Wednesday, January 05, 2005

Suppression of the freedom of expression

In Cuba, Fidel Castro has the bad habit of castrating journalists who have at any point in time dared disagree with them. The choice of castration as the preferred method of reprisal is quite possibly because Castro’s name bears a striking resemblance to the unsavoury process.

In Iraq, Saddam Hussein sent his enemies in the press (not that there were many who dared write against him in the first place) to Abu Ghraib where they played lots of fun games.

The United States – well, the world’s greatest democracy believes in getting the FBI, the CIA and a hundred other acronyms to raid the offices of the newspaper that offends them. If you still don’t listen, they give you bright orange clothing and matching chain mall and send you to a seaside resort called Guantanamo Bay. According to many, that’s why masochists around the country write about how Condoleeza Rice did a Janet Jackson at the Congressional hearings. Collars don’t come gratis otherwise…

India, however, seemed immune to this upsetting trend till recently. But, things have begun to change. The mother (and no, I don’t mean Mother Theresa) recently filed a hundred and fifteen defamation cases, and if that didn’t work, used more interesting techniques one would rather not describe. More recently, some poor IIT Kharagpur student was arrested for trying to make a living by catering to mankind’s most basic urges. Avnish Bajaj soon joined him there, for the poor kid was feeling lonely in prison.

More than journalists however, I find much more to sympathize with writers who attempt to write fiction, and end up stepping on the wrong toes. Salman Rushdie stands testimony to that, living as he does in the shadow of six bodyguards. Taslima Nasreen said she got a rash on her neck thanks to a veil, and she received a fatwa slapped right on her (unveiled) face. (However, the fatwa was not entirely inhuman. A learned scholar offered to forgive her sins and allow her to join his exclusive club of 65 wives – though why any right-thinking man would want Taslima Nasreen in his harem is something that is beyond me! And why Taslima Nasreen let such an eligible bachelor as the 76 year old scholar slip out of her grasp is another question that vexes me greatly.)

In the less recent past, P.G. Wodehouse wasn’t allowed to return to the United Kingdom because he swapped jokes with Hitler on Berlin Radio (notwithstanding the fact that he had fifteen carbines, five grenade launchers and invites from six different concentration camps staring him in his face as he exchanged pleasantaries with the aforementioned luminary)

Today, this intrepid blogger has suffered the same fate. Faced with some rather unique methods of reprisal for writing what he had in the last two days, he has been forced to take an original work of fiction out of his blog. A couple of the messages he received in response to what he had penned earlier reminded one of the way smiling KGB agents spoke to unfortunate blokes who’d dared to speculate on the colour of Brezhnev’s underwear.

My readers – at least those among you who understand the true meaning of freedom of expression – could possibly be shocked. Was I intimidated by these brazen threats? (ok, not so brazen threats!)
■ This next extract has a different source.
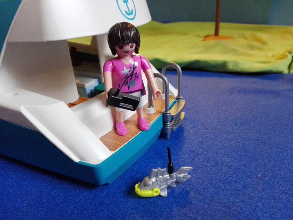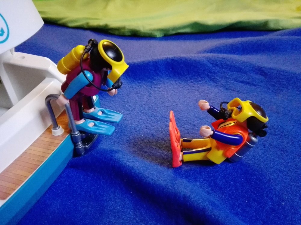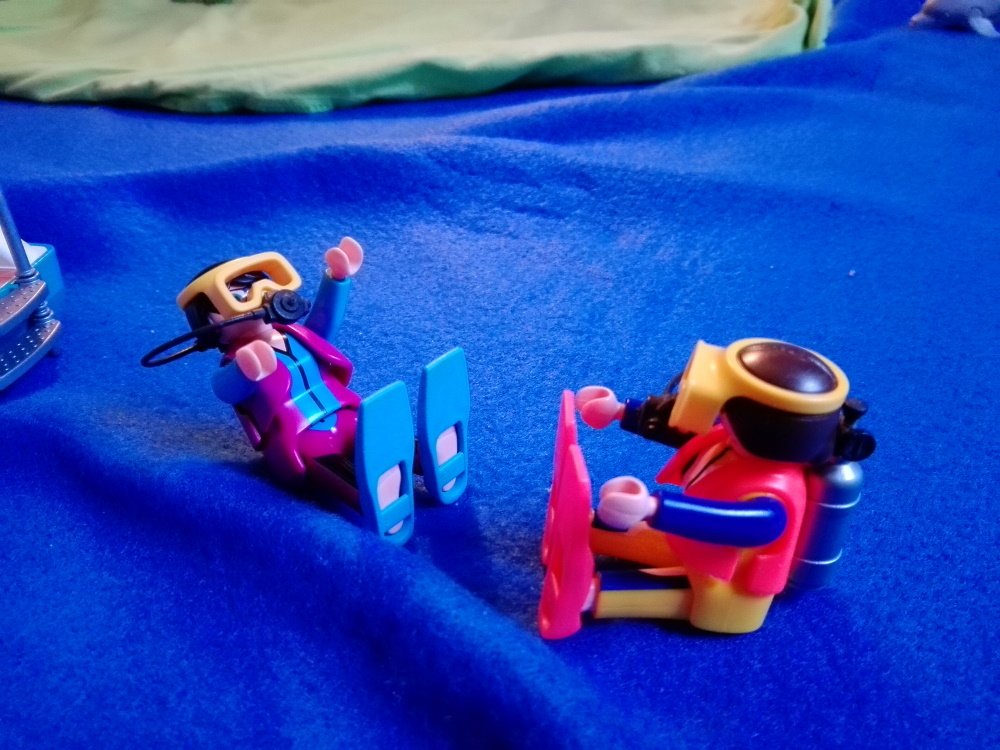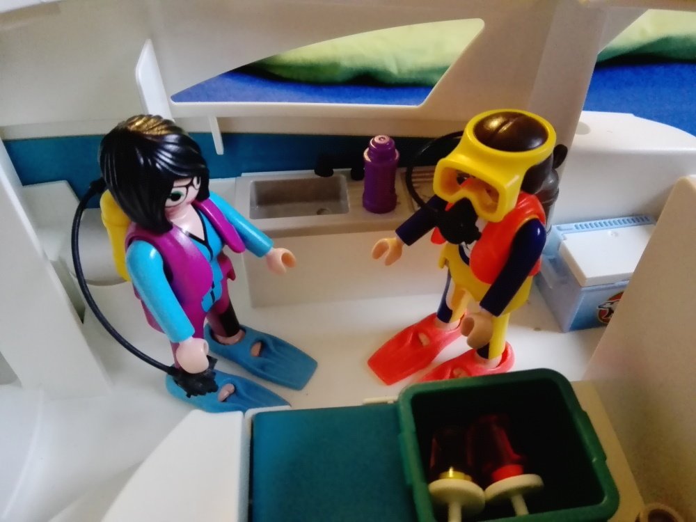 Nachdem Sharky wieder verstaut ist, ziehen sich Jenny und playmolook ihre Taucheranzüge an.

Since I have been accused of behaving unethically, I think I should apologize if my story had offended any single person’s sentiments, for it was absolutely unintended. I also apologize to her protectors and guardians. But as Wodehouse once said, a humorist’s lot is a pitiful one indeed. Anyway, henceforth, I’m going to take a leaf out of Khrushchev’s book and write humor as the doyens of the Communist party like it. So my next few posts may go like this joke by Khrushchev which had the praesedium in splits …
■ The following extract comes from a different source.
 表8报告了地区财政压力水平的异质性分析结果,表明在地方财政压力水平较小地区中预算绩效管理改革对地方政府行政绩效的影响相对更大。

‘In Russia’, he used top say, making his important speech to the Presidium, ‘we have a proverb – A chicken that crosses the road does so get to the other side, but wise men dread a bandit.’, and then his face would split in the middle and his eyes would disappear into his cheeks like oysters going down for the third time in a oyster stew, and the comrades would realize that this was the big boffola and that if they were a second late with the appreciative laughter, their next hob would be running a filling station down Siberia way.

Things will remain thus as long as I live a society like ours where we take ourselves way too seriously. Maybe later, sometime in the future, I can find out for myself what the true meaning of freedom of expression is. Until then, I leave you with the words of Albert Einstein on the same -

Laws alone can not secure freedom of expression; in order that every man present his views without penalty there must be a spirit of tolerance in the entire population.

Albert Einstein (1879 - 1955)

P.S: What’s your take on this, people?